For a slightly less high-powered proof, note that in general we have that $$(ab)^n = a^nb^n \iff (ba)^{n-1}=a^{n-1}b^{n-1}$$ which can be obtained by cancelling a single $a$ and a single $b$. Therefore, if $n\in\mathcal{E}(G)$, then $$(xy)^{(n-1)^2} = \bigl( (xy)^{n-1}\bigr)^{n-1} = \bigl( y^{n-1}x^{n-1}\bigr)^{n-1} = (x^{n-1})^{n-1}(y^{n-1})^{n-1} = x^{(n-1)^2}y^{(n-1)^2}.$$ That is, $n\in\mathcal{E}(G)$ implies $(n-1)^2\in\mathcal{E}(G)$.

Here, you know $3\in\mathcal{E}(G)$, hence $(3-1)^2 = 4\in\mathcal{E}(G)$. So now we have that $3$, $4$, and $5$ are all in $\mathcal{E}(G)$, and as you note, it is known that if $\mathcal{E}(G)$ contains three consecutive integers then it contains all integers, hence $G$ is abelian.

(This is essentially jgnr's answer, only cast a bit more generally)

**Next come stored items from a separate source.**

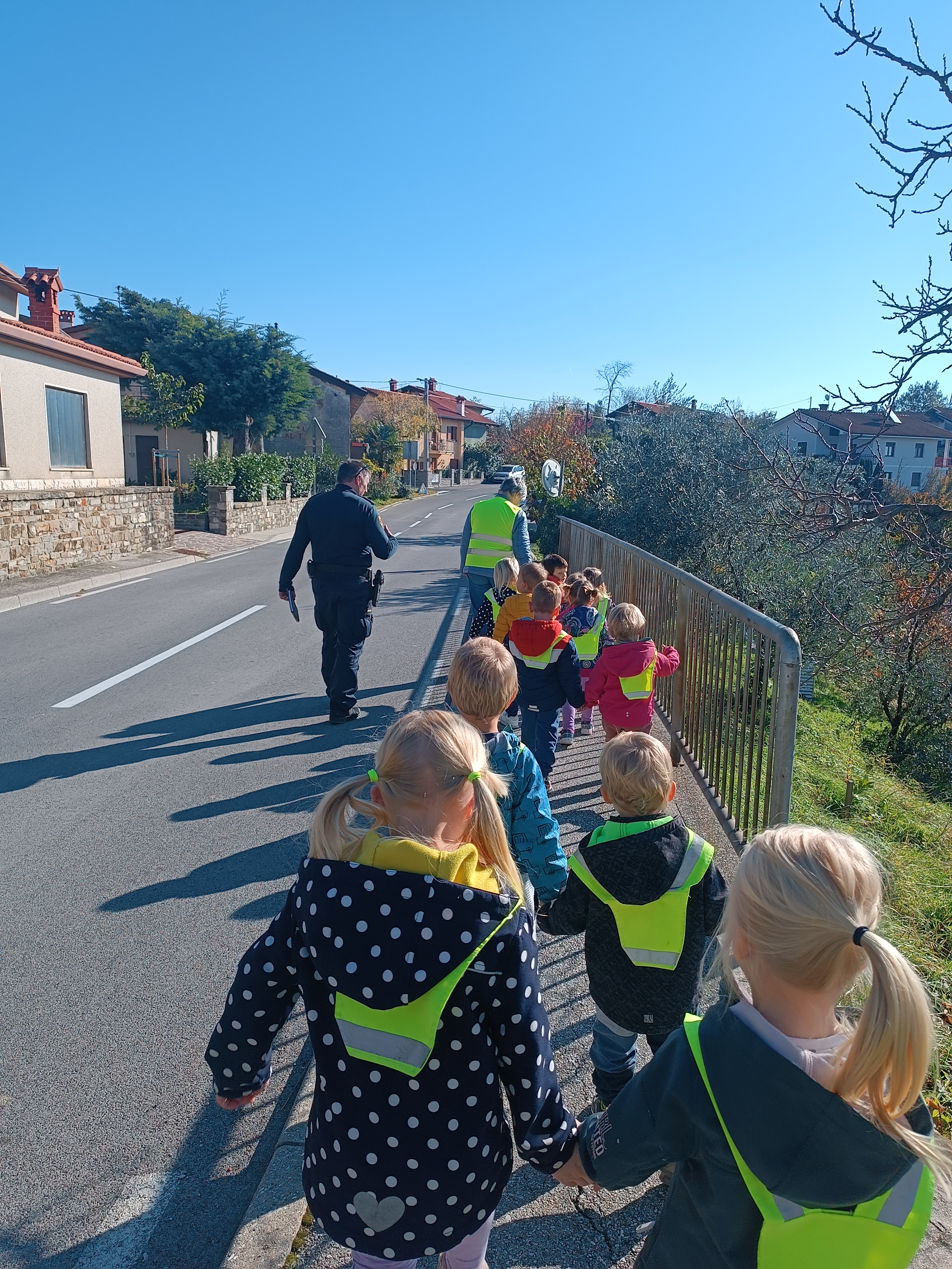Povedal nam je, kako se pravilno vozimo v avtomobilu, kje in kako moramo otroci v vozilu sedeti. Pogovarjali smo se še o varnem sprehodu in se potem s policistom tudi odpravili na sprehod proti Svetemu križu-pokazal nam je, kako najvarneje prečkamo cesto brez prehoda za pešce. Ponosni smo bili, ko nas je pohvalil, da že kar dosti vemo ter znamo lepo in varno hoditi ob cesti.
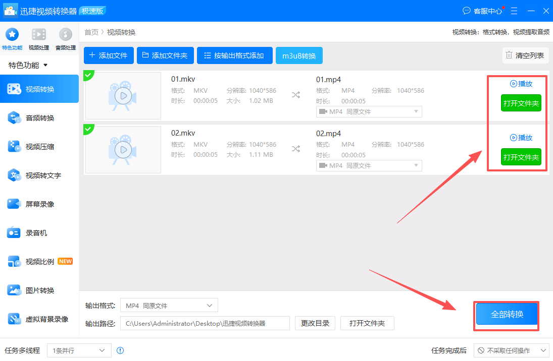 最后点击【全部转换】按钮,就能完成视频格式转换!可以在指定的文件夹中找到转换成功的MP4视频,打开就能直接播放。
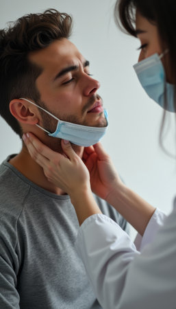 Doctor examining a patient with a mask
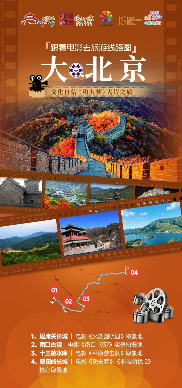 线路解说:从居庸关长城出发,追寻《火烧圆明园》的历史印记,感受雄关承载的百年沧桑;走进南口古镇,回望《南口1937》的烽火岁月,致敬抗战先辈的热血坚守;途经十三陵水库,邂逅《平原游击队》的经典红色记忆;最终抵达慕田峪长城,在《功夫梦》的励志特训地感受成长力量,在《非诚勿扰2》的浪漫取景地邂逅温情诗意,一站式解锁大北京的影视传奇与山河盛景。
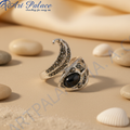 Silver Snake Ring with Black Stones for Women | Statement Jewelry
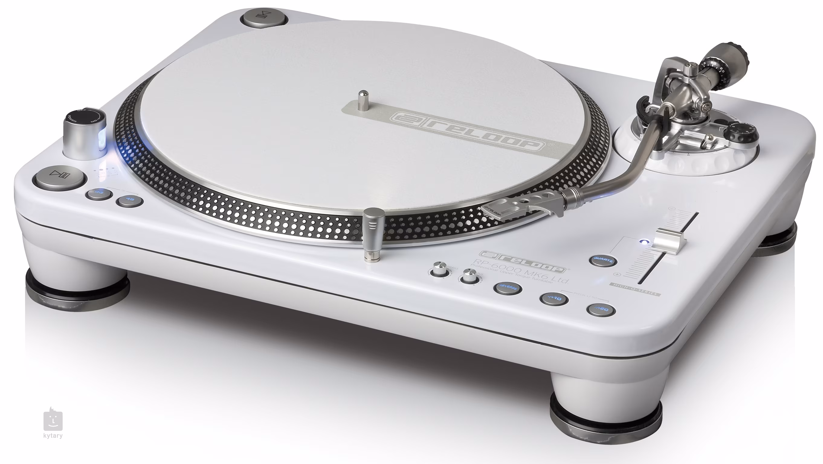 Tato limitovaná speciální edice profesionálního gramofonu Reloop RP-6000 MK6 prokazuje svou jedinečnost nejen svým jemným bílým keramickým lakovaným povrchem a bílým ovládacím panelem:integrovaný vyrovnávací předzesilovač podporuje Line nebo Phono signálový výstup a dělá tento exkluzivní luxusní Reloop gramofon kompatibilním s jakoukoli mixážní konzolí a zesilovačem bez nutnosti uzemnění. A s nekonečně nastavitelným otáčivým momentem v rozsahu mezi 2.5 s 4.5 kg/cm může DJ s maximální přesností nastavit pohon podle vlastních preferencí. Mistrovský kousek mezi gramofony.
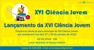A Ciência Jovem, uma das maiores feiras de ciências do Brasil, agora na sua 16a. edição, reune mais de 200 escolas, 10 mil alunos, professores e público em geral. O interessante é que o museu também está completando 16 anos, isso reflete a importância que a feira tem no incentivo e desenvolvimento de pesquisas científicas nas escolas.A Ciência Jovem é a oportunidade para alunos e professores exporem seus trabalhos. As inscrições vão até 15 de setembro e podem ser feitas através do site do Espaço Ciência. A feira ocorrerá nos dias 27 a 29 de outubro. A inscrição é gratuita.
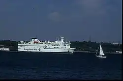 The ship is 91.8 m (301 ft 2 in) long and 18 m (59 ft 1 in) wide with a draft of 3.8 m (12 ft 6 in).[4] Its maximum speed is 15.5 kn (28.7 km/h; 17.8 mph) and it is equipped two KRUPP–MaK diesel engines which harbor 1,800 kW (2,400 hp) a piece.[5] The ship is rated to carry 1,080 passengers and 120 vehicles.[6] It has a gross tonnage of 6,721 and a deadweight of 804 tons.[7]
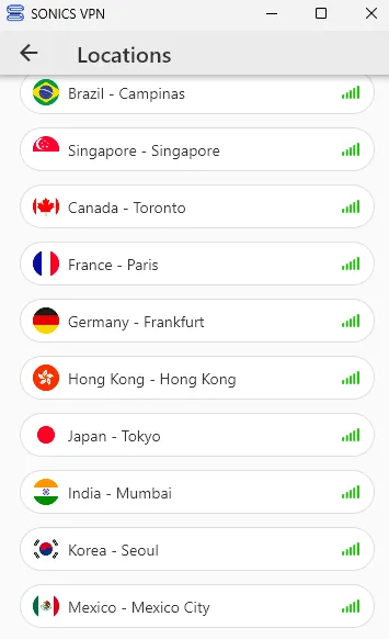 SONICS VPN جذابة على الفور لأنه من السهل الاتصال. أيضًا ، يوفر إصدارًا تجريبيًا مميزًا لمدة 7 أيام للمستخدمين الجدد.
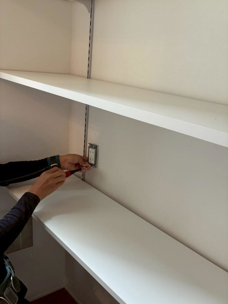 コンセントの設置個所に穴をあけて電気の線を通し、コンセントを取り付けます。
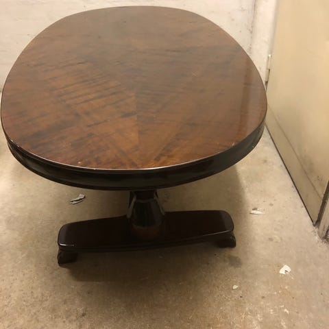 Valkolakattu puukantinen pöytä metallijaloilla. Hyväkuntoinen.

As an alternative, but also somewhat high-powered proof, we can follow Steve Ds good observation: by the theorem of Alperin quoted in the answered linked to above, a $3$-abelian group is a quotient of a subgroup of a direct product of abelian groups, groups of exponent $3$, and groups of exponent $2$; but the latter are abelian as well, so $G$ will be a quotient of a subgroup of a direct product of abelian groups and groups of exponent $3$. If you had an element that is not central (that does not commute with everything) then it would have to be an element of order $3$. But by the same characterization, since $G$ is $5$-abelian it is a quotient of a subgroup of a direct product of abelian groups, groups of exponent $4$, and groups of exponent $5$. So a noncentral element would have to have order dividing $20$. Since $\gcd(3,20)=1$, there can be no noncentral elements (it would have to have exponent $3$ and exponent $20=4\times 5$, hence exponent $1$, hence be trivial, hence it is central). So $G=Z(G)$, hence $G$ is abelian.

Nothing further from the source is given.